Start of Records provided

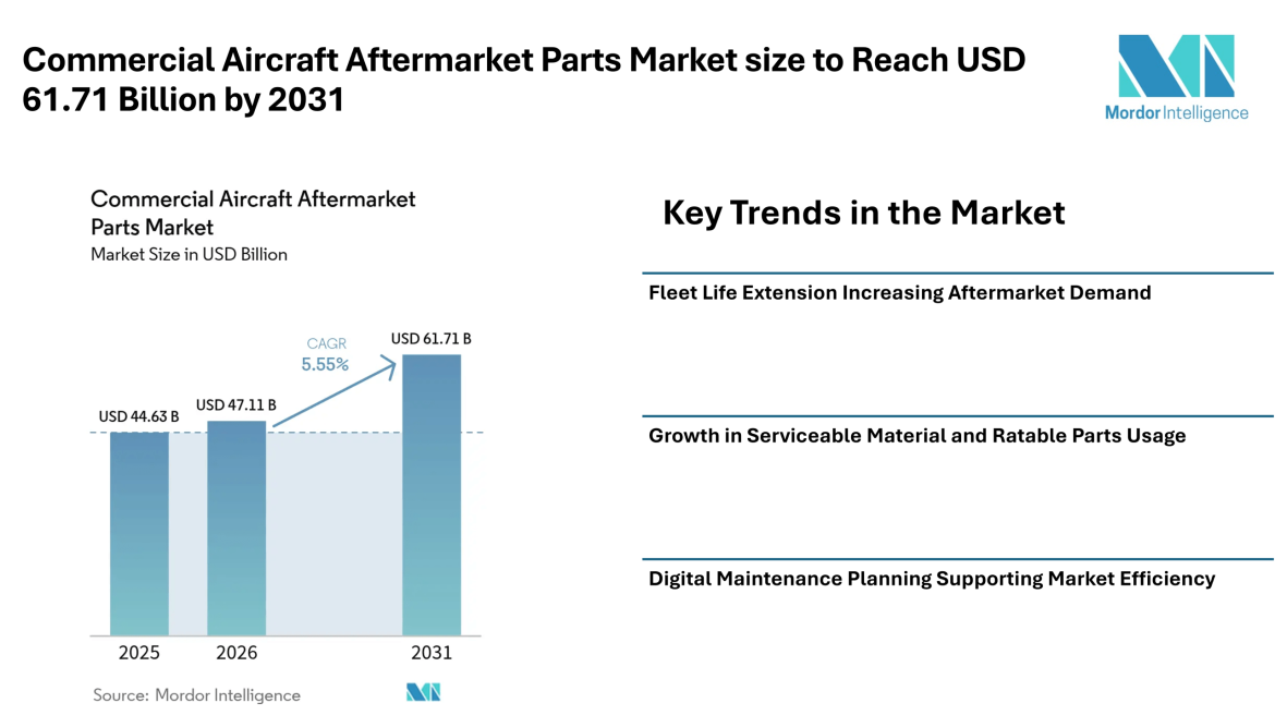 According to Mordor Intelligence, the commercial aircraft aftermarket parts market size is expected to increase from USD 44.63 billion in 2025 to USD 47.11 billion in 2026, with the commercial aircraft aftermarket parts market forecast indicating it will reach USD 61.71 billion by 2031. This steady rise reflects a consistent need for replacement parts, maintenance services, and lifecycle support across global airline fleets.
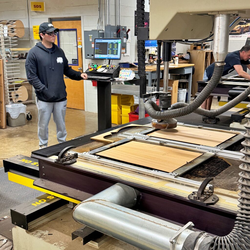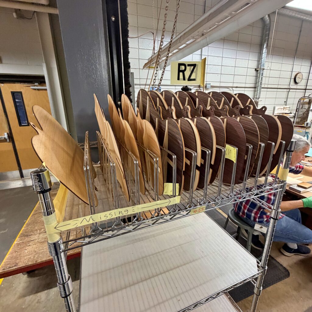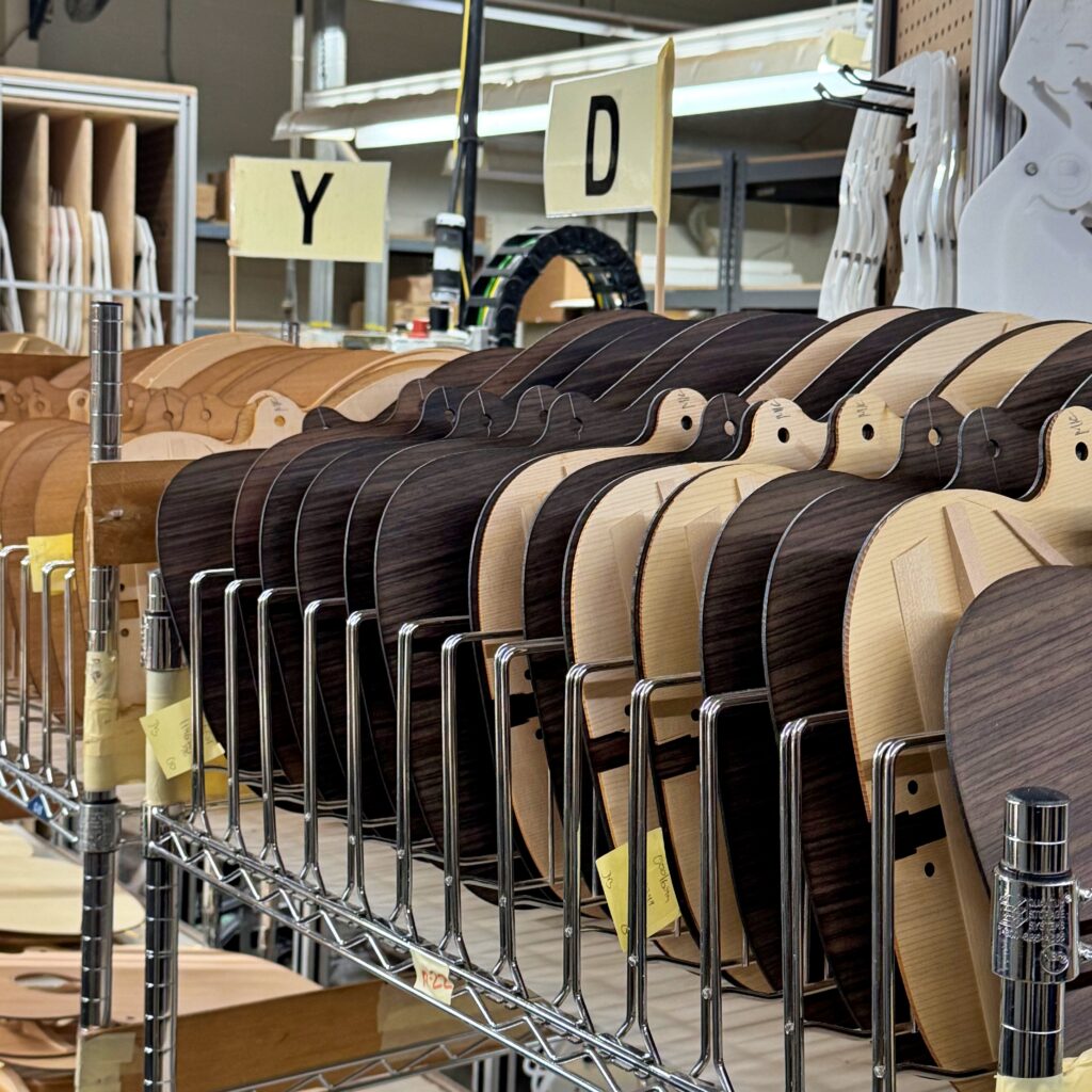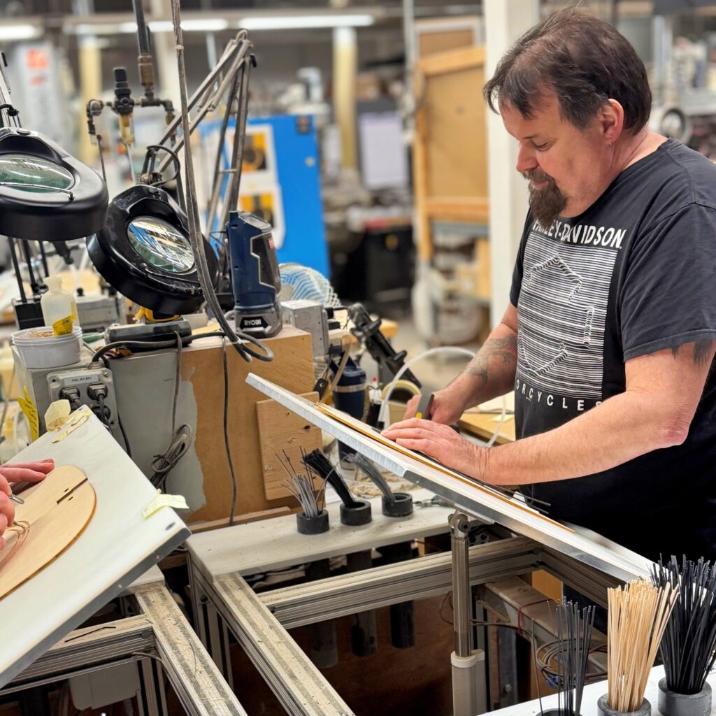 ・CNCルーターによる切削加工は、非常に高い精度と再現性を誇り、複雑な形状の加工も効率的に行うことができ、ギターの装飾であるインレイ、バインディング、パーフリングといった細かい部分は、職人がひとつひとつ手作業で丁寧に取り付けています。
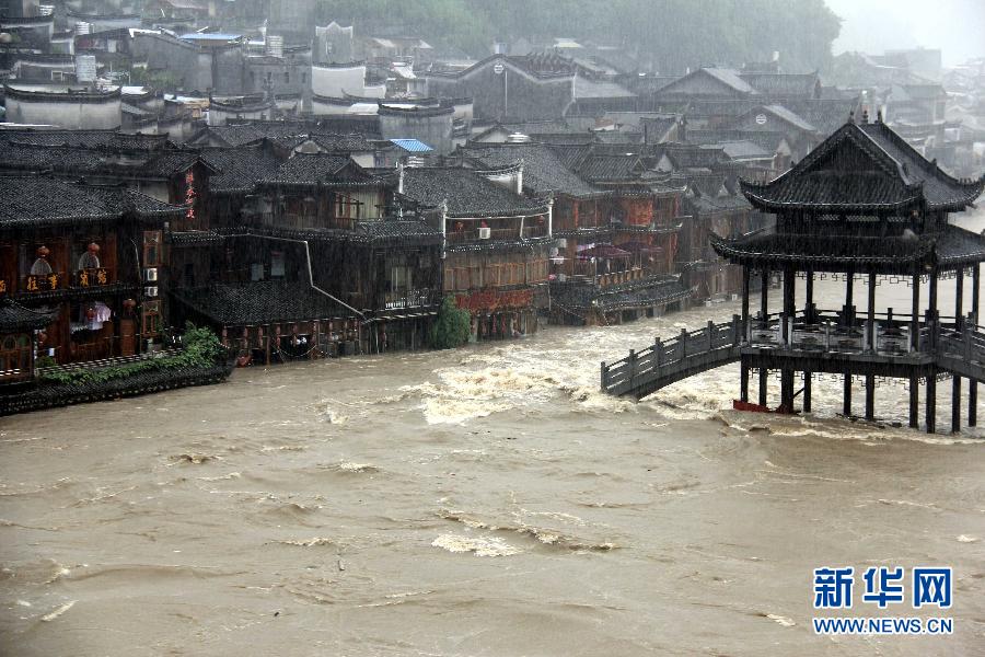 央廣網(wǎng)河南分網(wǎng)消息 據(jù)新華網(wǎng)報(bào)道:7月15日,經(jīng)過一夜暴雨后,鳳凰古城沱江水位上漲,部分商鋪被淹。據(jù)湖南省氣象水文部門監(jiān)測,14日8時至15日8時,湖南全省大部普降小到中雨,部分大到暴雨,局地大暴雨。15日8時,沅水二級支流沱江鳳凰站發(fā)生超警洪水,8時水位304.31米,超警0.81米。新華社發(fā)(章斌 攝)
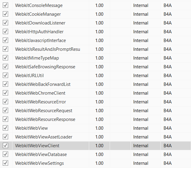 Private Sub WebkitWebView1_OverrideUrl (url As String) As Boolean 'Works from API level 1 and above.
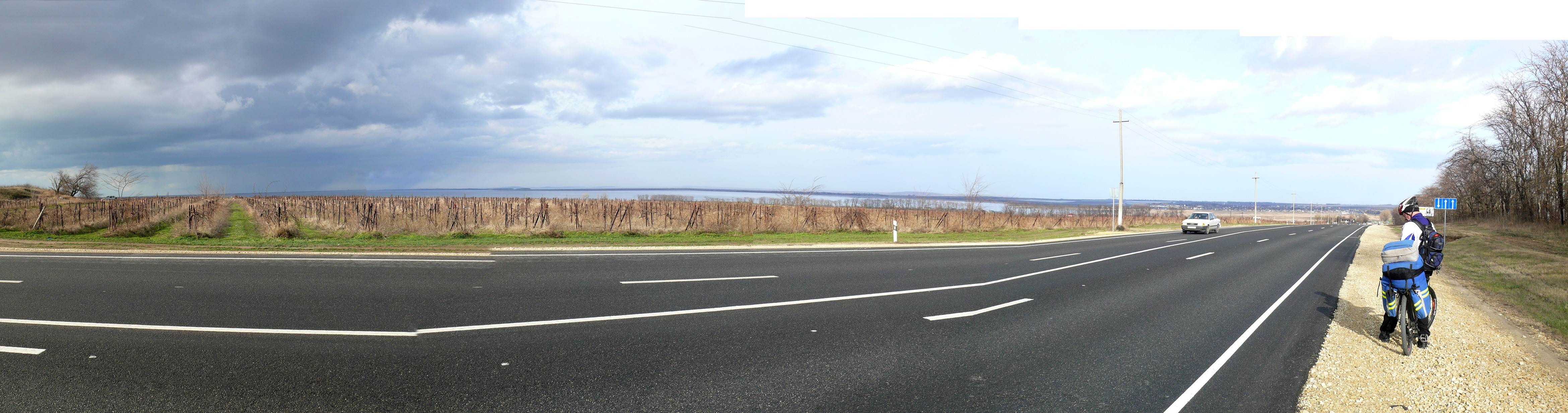 Оставшаяся часть дороги порадовала нас появившемся солнышком и отсутствием осадков (фото 6 - 8). Ехать стало веселее, хотя усталость уже чувствовалась - средняя скорость упала до 10-12 км/ч. В город мы не въезжали, а объехали по восточному краю и выехали на Ростовскую трассу. В станице Голубицкая нашли винный магазин, где купили несколько сортов коньяка производства Фанагорийского завода, а также несколько бутылок воды для ночевки. Теперь нам оставалось проехать станицу и спуститься к морю. Так как я в этих местах был впервые, стоянки выбирал с помощью сервиса “просмотр улиц” на Гугл-картах. Там я высмотрел неплохое местечко перед пересыпью, отделяющей Азовское море от лимана. С юга пляж был прикрыт высоким и крутым склоном, по которому проходила дорога, и имелся автомобильный съезд.
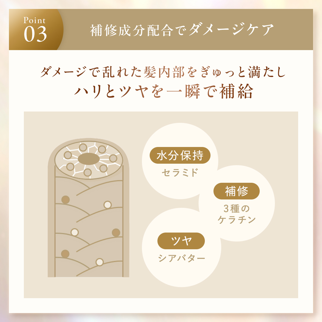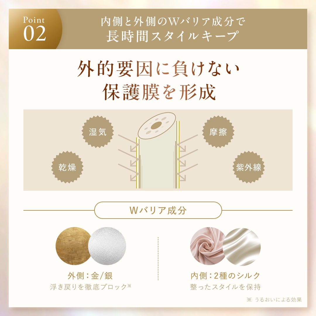 髪の内側と外側のWバリア形成で、湿気や乾燥をブロックし、しなやかな質感をキープ。
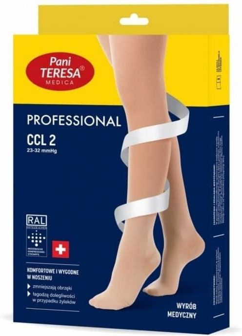 Pani Teresa Professional - pończochy uciskowe jedyne w Pani Teresie wg certyfikacji RAL CCL2 Professional to wyrób wyprodukowany dla Pani Teresy w Szwajcarii Korzystne cenowo w wyrobach certyfikowanych RAL Prosimy wybierać długość krótką pończochy do wzrostu 168 cm, bez względu na długość kończyny …
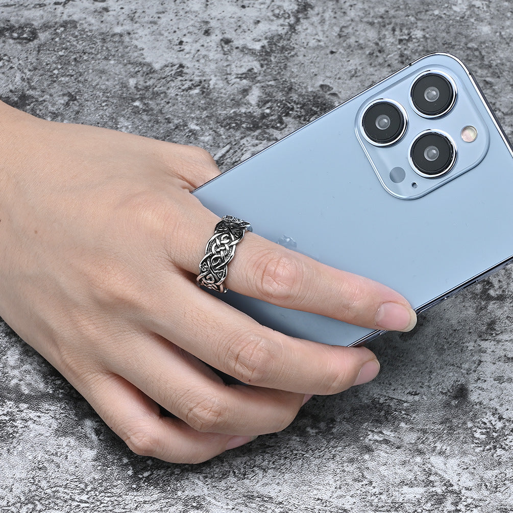Cross-Border Amazon Celtic Wolf Titanium Steel Ring for Men
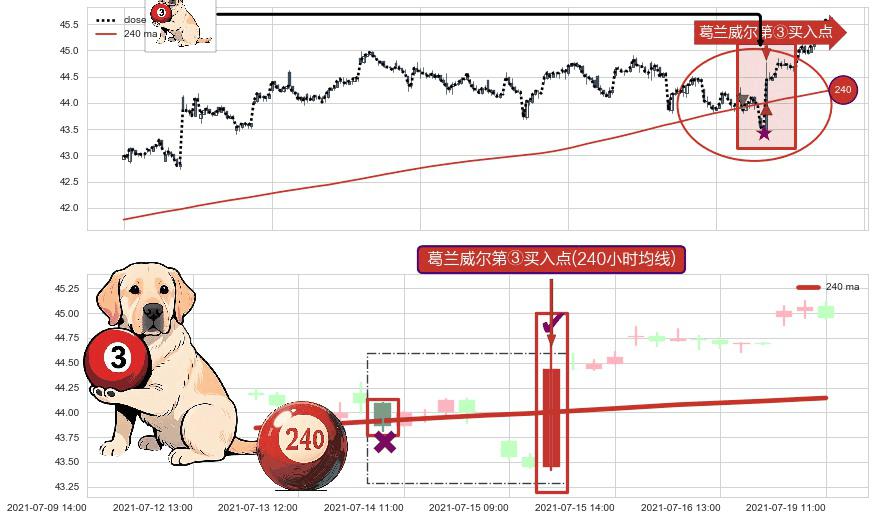 形态多维评估: ⚀ 2021-07-15 11:00:00-小时显现 葛兰威尔均线 240小时均线 第③买入点 上升趋势的中继信号,后市看涨,买进信号
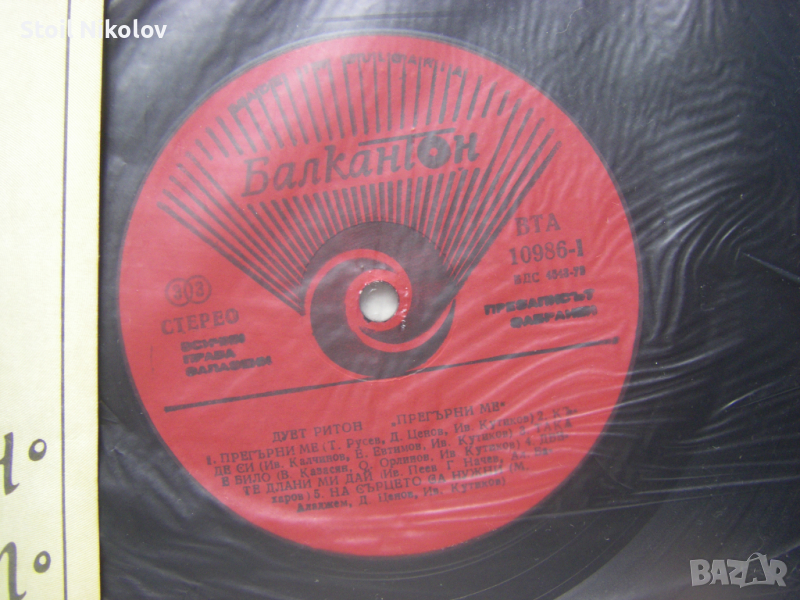 Грамофонна плоча - ВТА 10986 - Дует Ритон. Прегърни ме
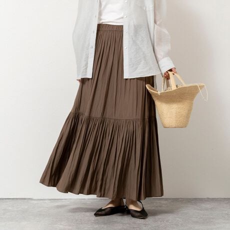 ・割繊糸を使用することで、繊細でなめらかなタッチを実現したシルク調のロングスカート
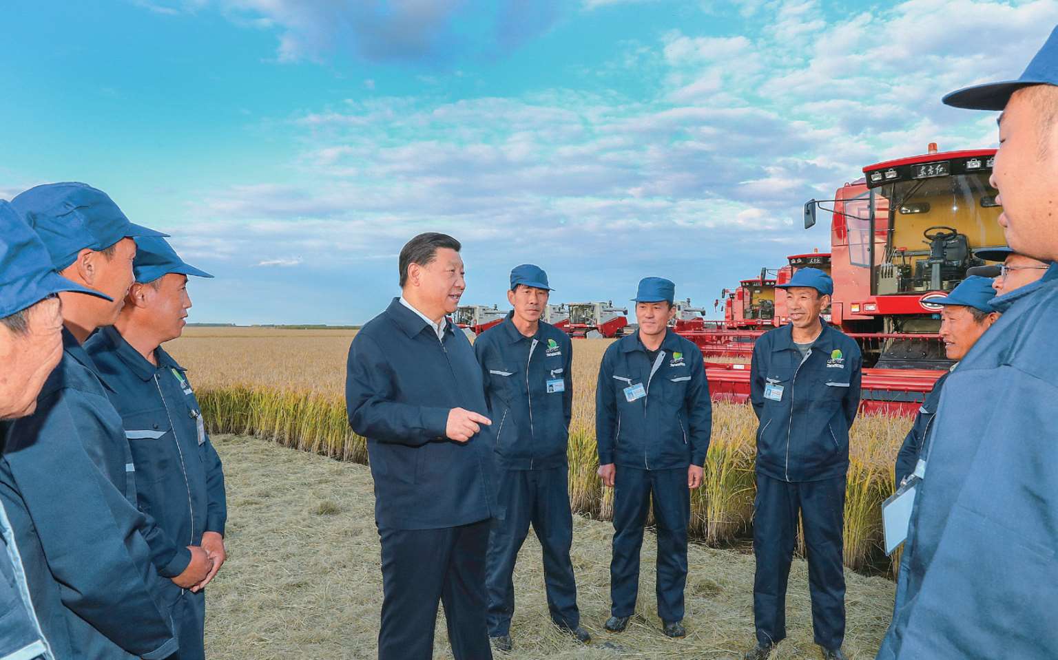 2018 年 9 月 25 日至 28 日,习近平在东北三省考察并主持召开深入推进东北振兴座谈会。这是 25 日,习近平在黑龙江农垦建三江管理局七星农场万亩大地号与农场工人交谈。
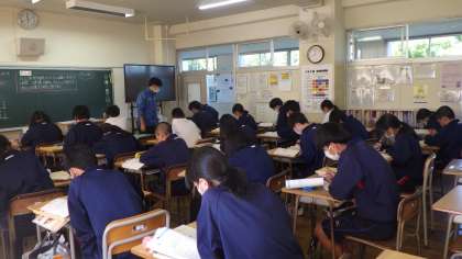 2年生は、数学で2元1次方程式の仕組みについて考えています。内容も少しずつ難しくなってきました。国語は物語文に取り組んでいます。先生からの質問にすぐに答えている様子が見られました。音楽は合唱練習の様子です。今週行われる合唱祭に向けて一段と響きが良くなってきています。本番が楽しみです!
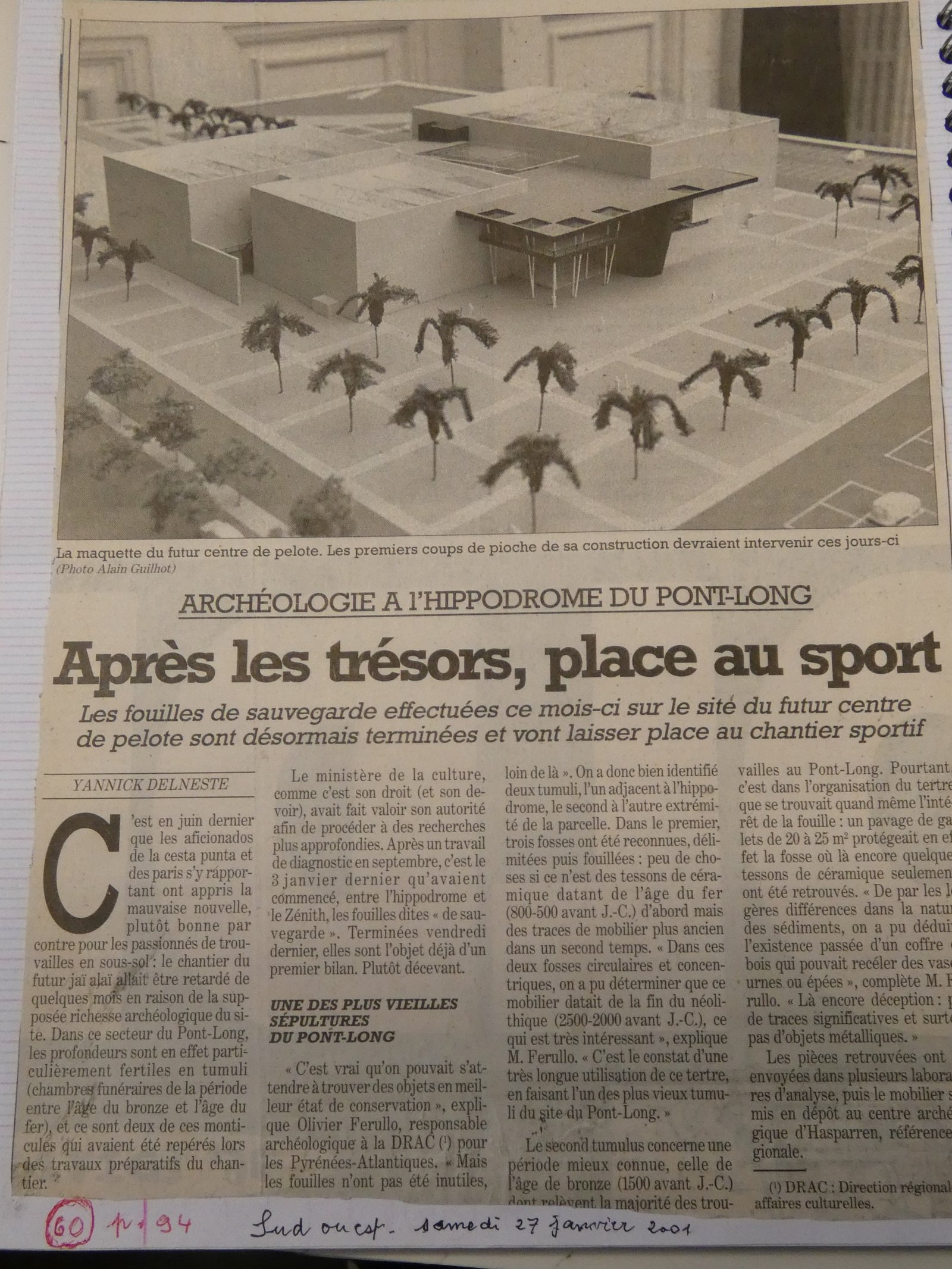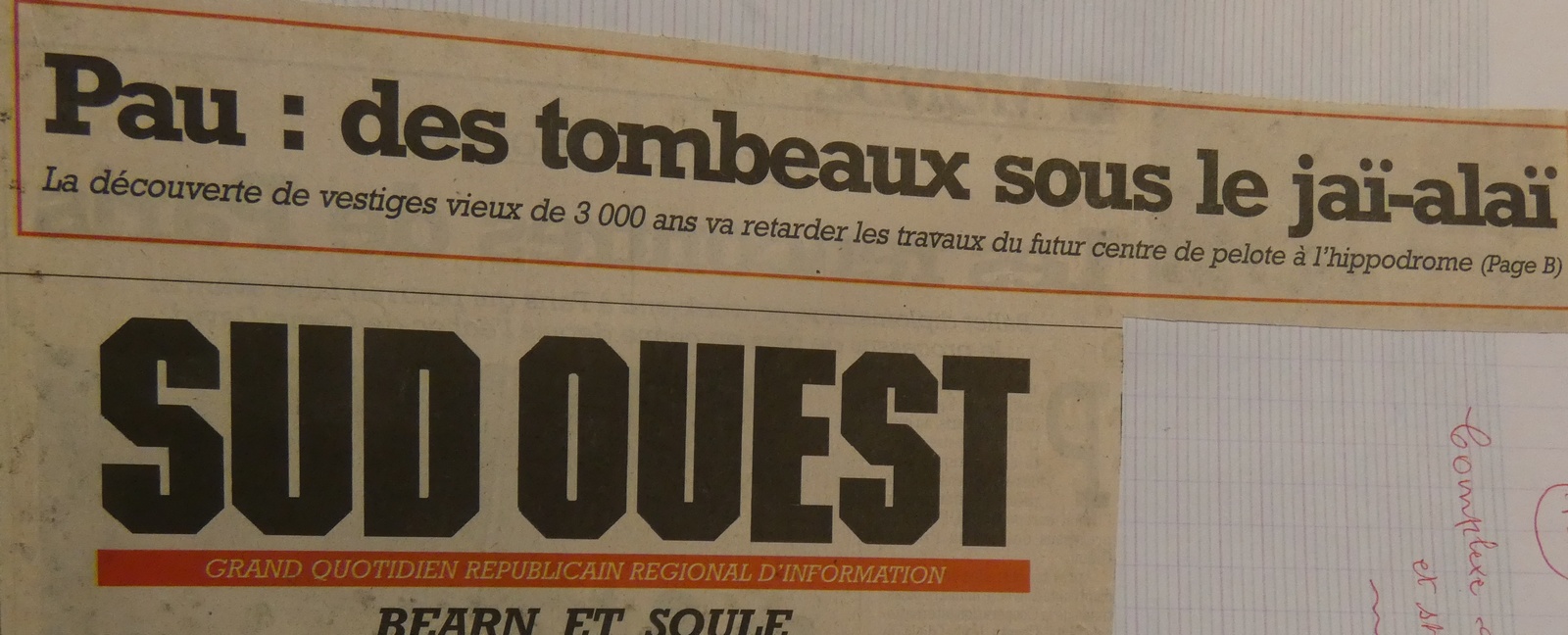 de g à dr : La reproduction des coupures de presse de Sud-Ouest et de Pyrénées-Presse relatant l’épisode archéologique des tumuli du Pont Long qui ajoutèrent encore du retard au chantier du complexe de pelote.

End of Records provided

• What you are asked to do: Exactly the lines above, from the one containing "Оставшаяся часть дороги" down to the one containing "髪の内側と外側のWバリア形成", are to be repeated, including both ends. Pictures are not part of the copy.

• Solution to the exercise:
 Оставшаяся часть дороги порадовала нас появившемся солнышком и отсутствием осадков (фото 6 - 8). Ехать стало веселее, хотя усталость уже чувствовалась - средняя скорость упала до 10-12 км/ч. В город мы не въезжали, а объехали по восточному краю и выехали на Ростовскую трассу. В станице Голубицкая нашли винный магазин, где купили несколько сортов коньяка производства Фанагорийского завода, а также несколько бутылок воды для ночевки. Теперь нам оставалось проехать станицу и спуститься к морю. Так как я в этих местах был впервые, стоянки выбирал с помощью сервиса “просмотр улиц” на Гугл-картах. Там я высмотрел неплохое местечко перед пересыпью, отделяющей Азовское море от лимана. С юга пляж был прикрыт высоким и крутым склоном, по которому проходила дорога, и имелся автомобильный съезд.
 髪の内側と外側のWバリア形成で、湿気や乾燥をブロックし、しなやかな質感をキープ。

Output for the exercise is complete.